Results: One hundred and sixty patients met the requirements. Benign nodules were mainly characterized by a thin (0.75 ± 0.31 mm) and uniform halo with good integrity, while malignant nodules had a thicker (1.48 ± 0.51 mm) halo with uneven and irregular margins (P < 0.05). The sensitivity and specificity were highest when the cutoff value was 1.09 mm, with 76.08% and 84.29%, respectively. The halos of benign nodules were mostly hyper- or iso-enhanced, whereas the halos of malignant nodules were predominantly hypo-enhanced (P < 0.05). The areas under the curve (AUCs) for CEUS, FNA, and CEUS + FNA were 0.751(95% CI = 0.642-0.841), 0.863(95% CI = 0.767-0.929), and 0.918(95% CI = 0.834-0.967), respectively. Cervical lymph node metastasis occurred in only 13 (11.5%) malignant nodes with halos. The primary pathological components of the halo around malignant nodules were almost reactive hyperplastic fibrous tissue.

Conclusion: The halo surrounding malignant thyroid nodules is thicker, with uneven and irregular margins, and shows hypo-enhancement on CEUS. Combining CEUS with FNA improves the diagnostic efficacy of thyroid nodules with halos. The reactive hyperplastic fibrous halo may be one of the reasons why malignant nodules are less likely to metastasize.
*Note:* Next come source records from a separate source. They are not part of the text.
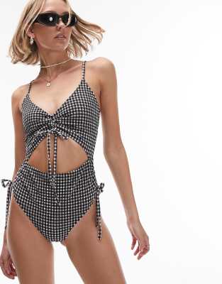 Topshop Petite textured gingham cut out ruched swimsuit in monochrome-Multi
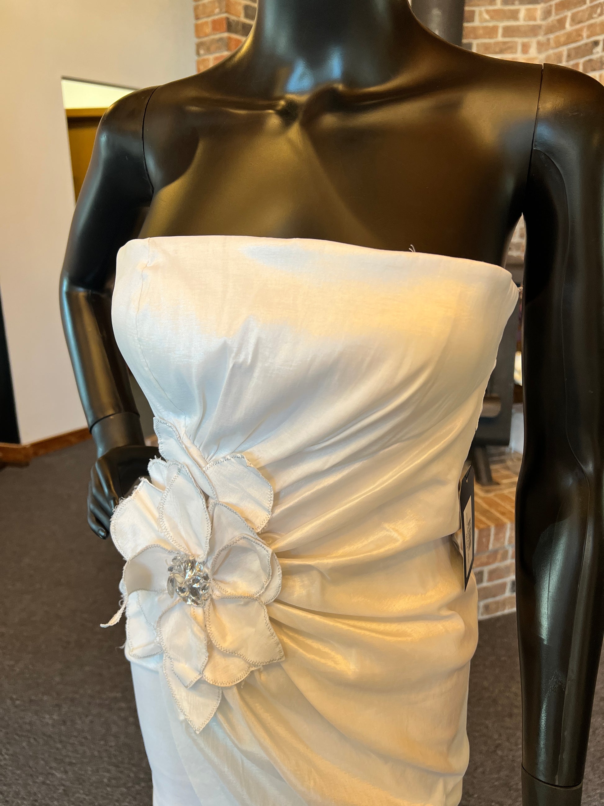This dress is so fun! It's a white strapless cocktail dress with side ruching and a large floral accent to the side.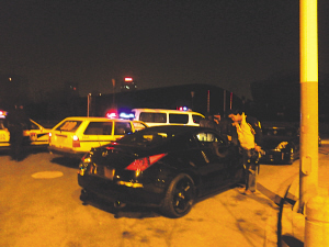 就在记者采访的时候,4辆豪车又回到了奥体北门。大家停好车,纷纷下车抽烟聊天。记者急忙追了上去,只见在奥体北大门西侧路面上,一字排开着4辆颜色不一的豪华跑车,车尾处留下了一道道长长的刹车痕迹,足见停车前的速度很快。4辆颜色不一的豪华跑车中,有三辆车子上没有上牌照,有一辆车子车牌挡着。车上下来的都是年轻人,车手都是男的,每人身边跟着一位大美女。车主们说这些跑车都是自己私车,个个都自称是富二代,他们每个人所开的跑车都在80万至100多万之间,还不是最好的车辆。见此情况,记者立刻报了警,并拿出相机拍照采访。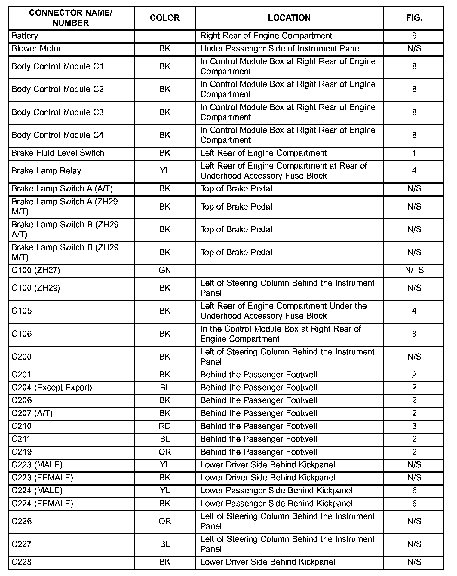 The abbreviation T/O (Take Out) is used in the location column to indicate a point in which the wiring harness branches out to a component.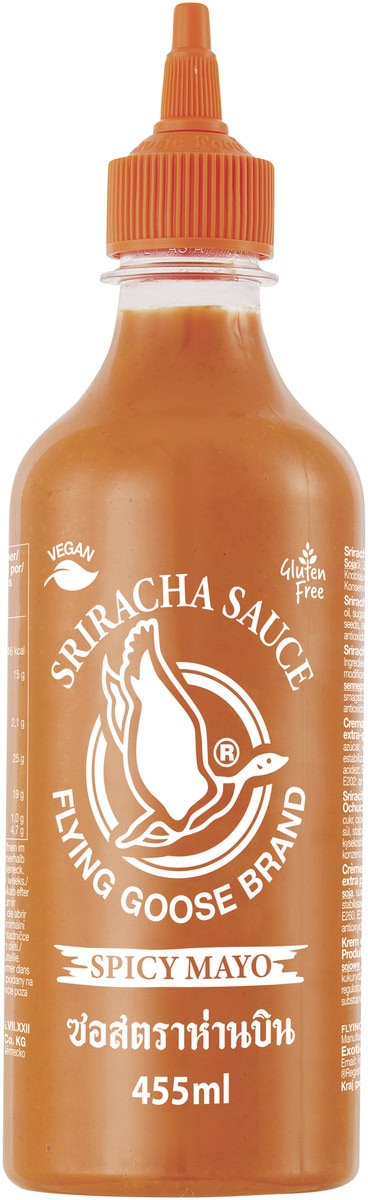 Die Flying Goose Sriracha Chili-Mayo scharf (455 ml) kombiniert cremige Mayonnaise mit der typischen, feurig-würzigen Schärfe der beliebten Sriracha-Sauce. Das Ergebnis ist eine aromatische, leicht pikante Sauce, die perfekt zu Burgern, Pommes, Sandwiches, Bowls, Sushi, Fleisch- und Fischgerichten passt.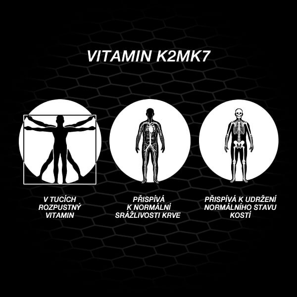 Vitamín D3 sa v literatúre často spomína v súvislosti so vstrebávaním vápnika, zatiaľ čo vitamín K2 (MK-7) sa spomína v súvislosti s jeho prirodzenou distribúciou v tele, t. j. kontrolou smeru, kde sa vápnik ukladá. D3 pomáha vápniku vstrebávať sa - K2 ho pomáha nasmerovať na správne miesto. Preto sa v praxi často odporúča skôr kombinácia týchto dvoch látok ako ich izolácia. Použitá forma vitamínu K2 MK-7 pochádza z prírodnej fermentácie.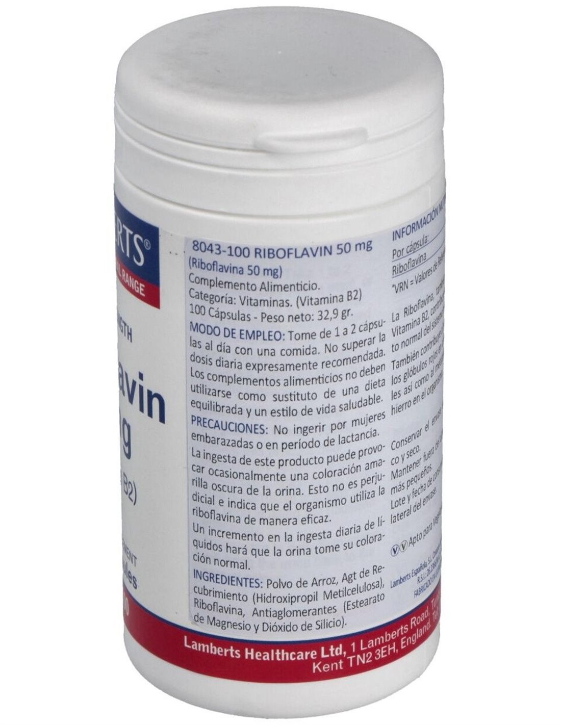 Riboflavina 50 mg (Vitamina B2) 100 Caps. de Lamberts

目的研究甲状腺结节伴晕的声像图特征,探讨造影剂增强超声(CEUS)联合细针穿刺(FNA)在识别甲状腺结节伴晕中的价值,并通过分析晕的病理特征预测转移风险:方法:对2019年1月至2022年12月期间185例甲状腺结节术后伴有光环的病例进行回顾性分析。在描述甲状腺结节及其光晕的超声特征后,将所有患者分为三组,第一组(Ⅰ组=仅CEUS)患者进行CEUS检查,第二组(Ⅱ组=CEUS+FNA)在第一组的基础上进行FNA检查,第三组(Ⅲ组=仅FNA)直接进行FNA检查。CEUS和FNA结果分别采用中国甲状腺影像报告和数据系统(C-TIRADS)和贝塞斯达甲状腺细胞病理学报告系统进行分级。分级低于 C-TIRADS 4b 或 Bethesda IV 级者定义为良性,两种方法合并时参考 FNA 的结果。手术病理结果作为金标准。我们绘制了工作曲线,以比较 CEUS 和 FNA 单独或联合诊断甲状腺结节光环的疗效。我们分析了光环的病理特征,并记录了有颈淋巴结转移的患者人数:结果:160 名患者符合要求。良性结节的主要特征是光环较薄(0.75±0.31 毫米)且均匀一致,完整性良好,而恶性结节的光环较厚(1.48±0.51 毫米),边缘不均匀且不规则(P 结论:良性结节的光环较薄,边缘不均匀且不规则,而恶性结节的光环较厚(1.48±0.51 毫米),边缘不均匀且不规则:恶性甲状腺结节周围的光环较厚,边缘不均匀且不规则,在CEUS上显示低增强。将 CEUS 与 FNA 结合使用可提高甲状腺结节光环的诊断效果。反应性增生纤维晕可能是恶性结节不易转移的原因之一。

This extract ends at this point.